Every line from the one with "Bước 8: Cho" to the one with "Проведено комплексное исследование", including those two, is to be copied exactly; all other lines of the entries below are left out.

Exercise data:
--

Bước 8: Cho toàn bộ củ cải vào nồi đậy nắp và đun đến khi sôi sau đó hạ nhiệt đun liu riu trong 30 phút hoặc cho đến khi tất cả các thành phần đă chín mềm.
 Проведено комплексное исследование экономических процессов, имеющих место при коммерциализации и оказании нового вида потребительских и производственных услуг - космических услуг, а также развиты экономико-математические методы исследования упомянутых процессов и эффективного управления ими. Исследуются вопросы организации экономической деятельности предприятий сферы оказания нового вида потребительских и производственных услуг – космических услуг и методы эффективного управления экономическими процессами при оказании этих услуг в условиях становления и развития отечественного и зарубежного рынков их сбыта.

--

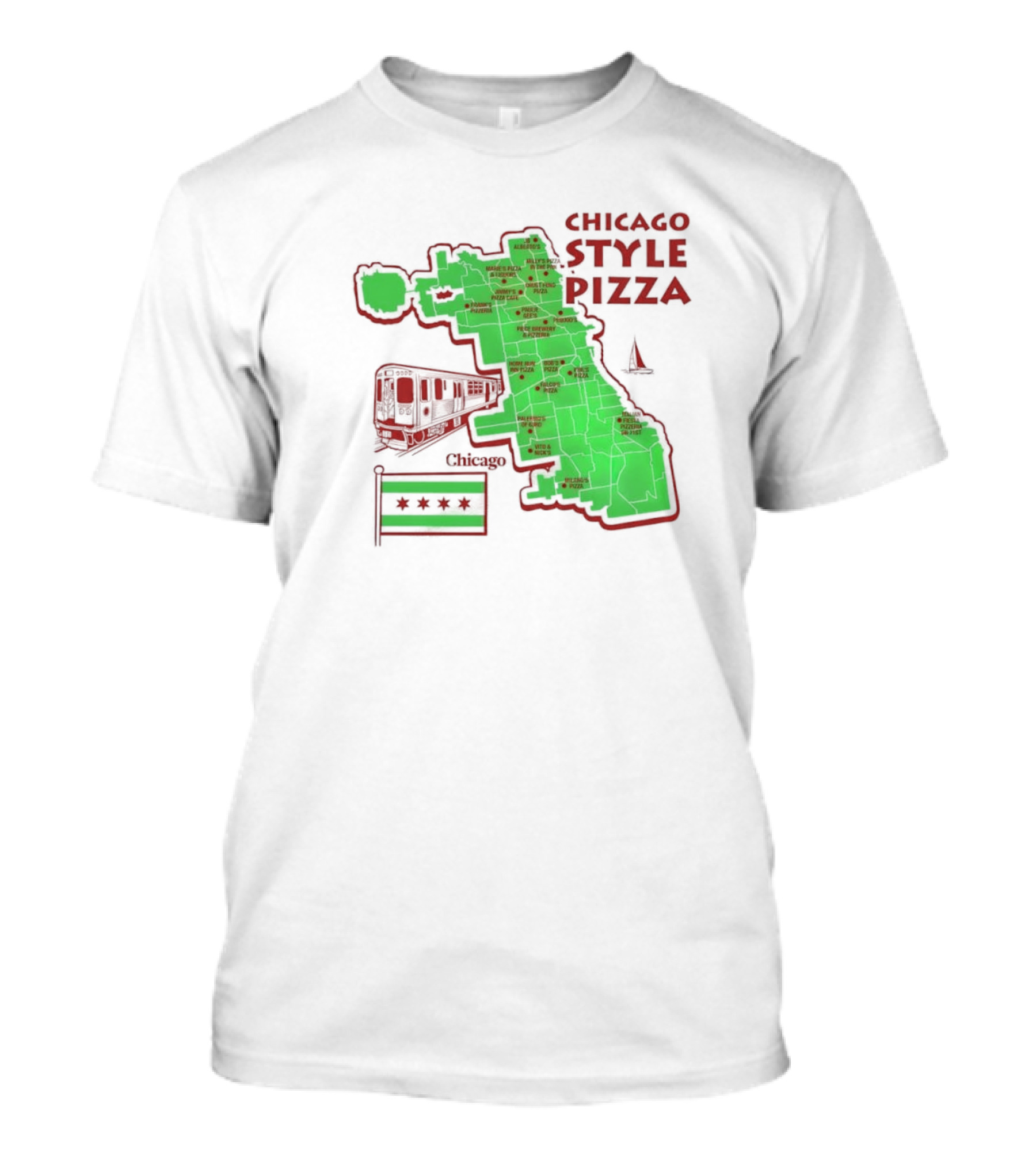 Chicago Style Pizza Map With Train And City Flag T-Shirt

--

Output for this exercise:
Bước 8: Cho toàn bộ củ cải vào nồi đậy nắp và đun đến khi sôi sau đó hạ nhiệt đun liu riu trong 30 phút hoặc cho đến khi tất cả các thành phần đă chín mềm.
 Проведено комплексное исследование экономических процессов, имеющих место при коммерциализации и оказании нового вида потребительских и производственных услуг - космических услуг, а также развиты экономико-математические методы исследования упомянутых процессов и эффективного управления ими. Исследуются вопросы организации экономической деятельности предприятий сферы оказания нового вида потребительских и производственных услуг – космических услуг и методы эффективного управления экономическими процессами при оказании этих услуг в условиях становления и развития отечественного и зарубежного рынков их сбыта.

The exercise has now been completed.